Block interface: misc config improvements, modular tflops computation #361

jlamypoirier · 2025-09-09T01:07:09Z

✨ Description

Address various obstacles to block-modular models.

Move compute estimation to individual layers to respect modularity. Use the Schedule to sum contributions for all layers, micro-batches, etc. Report tflops as NaN when unknown (ex. SSM) instead of an incorrect value.
Remove block_config, block_index and name initialization arguments from BlockLayer. These were only needed for relatively minor details, which I managed to work around.
Replace debug_transformer and debug_transformer_memory by the single model_debug_level in Run (For block_config argument removal)
Remove block-index scaling and unscaling in backup attention. (for block_index argument removal. Not sure why it was there in the first place, probably stability or legacy)
Remove init_method_std in block config. Instead set all default initializations directly to hidden_size ** -0.5. Also remove the scaling by the number of layers in attn dense and mlp layer 2. (For block_config argument removal)
Replace add_linear_biases in block config by separate ones in mixer and mlp configs (For block_config argument removal).
Remove max_window_layers, will be handled trough block-modular configs (for block_index argument removal.)
attn head_size, mlp intermediate_size and ssm d_inner, dt_rank, d_xb no longer have a hidden_size-dependent default.

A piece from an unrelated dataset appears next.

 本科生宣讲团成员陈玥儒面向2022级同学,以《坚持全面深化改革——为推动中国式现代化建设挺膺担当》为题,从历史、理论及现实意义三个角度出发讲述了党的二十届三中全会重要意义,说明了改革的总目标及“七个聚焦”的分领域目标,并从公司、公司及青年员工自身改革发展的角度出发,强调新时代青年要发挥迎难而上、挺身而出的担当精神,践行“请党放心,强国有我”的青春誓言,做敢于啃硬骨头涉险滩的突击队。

Values now need to be set explicitly.
Add separate configs for the embedding layer dropout and the final normalization layer, so they don't depend on an ambiguous block config.
Use torch-based names for modules (base_model.named_modules) as a replacement for the removed name argument.

Rename various config fields to reflect interface changes and improve consistency with our guidelines.

Block config:
- hidden_dropout -> dropout (No more ambiguity)
MLP config
- ffn_hidden_size -> intermediate_size (Consistency, matches HF name)
- activation_type - > activation (unnecessary suffix)
- mlp_recompute_level -> recompute_level (redundant prefix)
Moe config:
- Remove all moe, num and expert prefixes and suffixes (redundant)
Attn config:
- num_attention_heads -> heads (unnecessary prefixes)
- kv_channels -> head_size (Consistency, closer to HF name)
- attention_softmax_scale_power -> softmax_scale_power (redundant prefix)

TODO:
Test the new compute estimation method.
Review SSM config names
(from #360) LM config could use polishing
(from #359) Add back fine-grained bias enabling config (quen2 and dream disabled).
(from #359) Rework SSM conversion (disabled).
(from #358) Allow separate configuration for concatenated layers (ex. key_value, ssm in_proj)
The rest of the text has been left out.